• [GIVEN INFORMATION]
☆ ☆ ☆ ☆ ☆ ☆ ☆
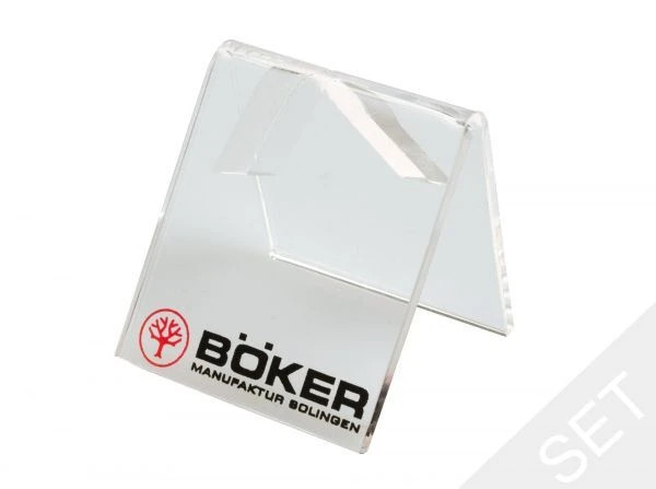 12-teiliges Acryl-Messerhalter-Set mit Böker-Logo für Taschen- oder feststehende Messer.
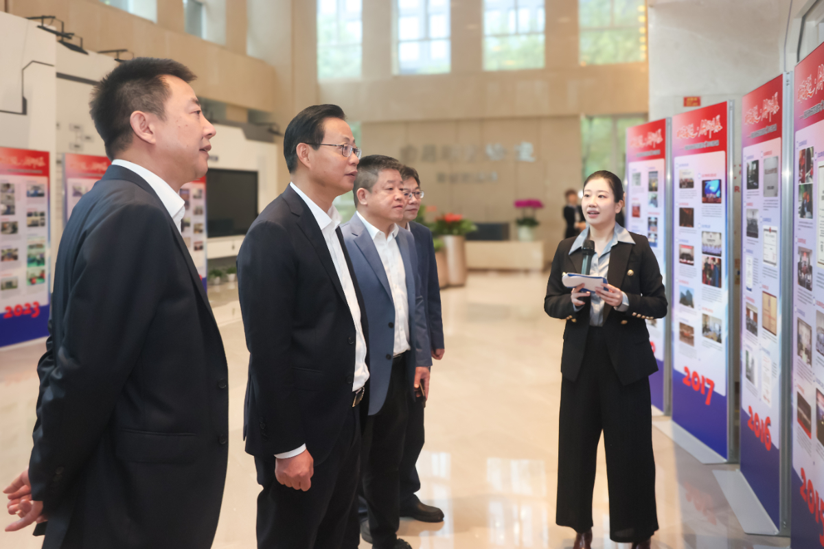 集团党委书记、董事长刘盛辉一行参观技术研究院建院15周年发展图片展。 施伊珏 摄
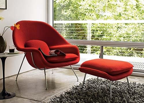 • Cadeira vermelha com puff num quarto branco e tapete cinzento
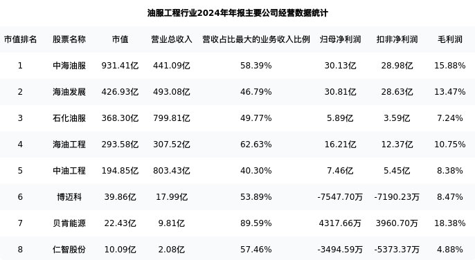 海油工程最新报告期数据为年报,下表汇总了油服工程行业内市值靠前的公司年报主要经营数据
☆ ☆ ☆ ☆ ☆ ☆ ☆
• [ASSIGNED TASK] All lines from the line containing "集团党委书记、董事长刘盛辉一行参观技术研究院建院15周年发展图片展。 施伊珏 摄" through the end of the listing above are to be given again exactly; pictures are not part of the copy.

• [WRITTEN REPLY]
 集团党委书记、董事长刘盛辉一行参观技术研究院建院15周年发展图片展。 施伊珏 摄
 • Cadeira vermelha com puff num quarto branco e tapete cinzento
 海油工程最新报告期数据为年报,下表汇总了油服工程行业内市值靠前的公司年报主要经营数据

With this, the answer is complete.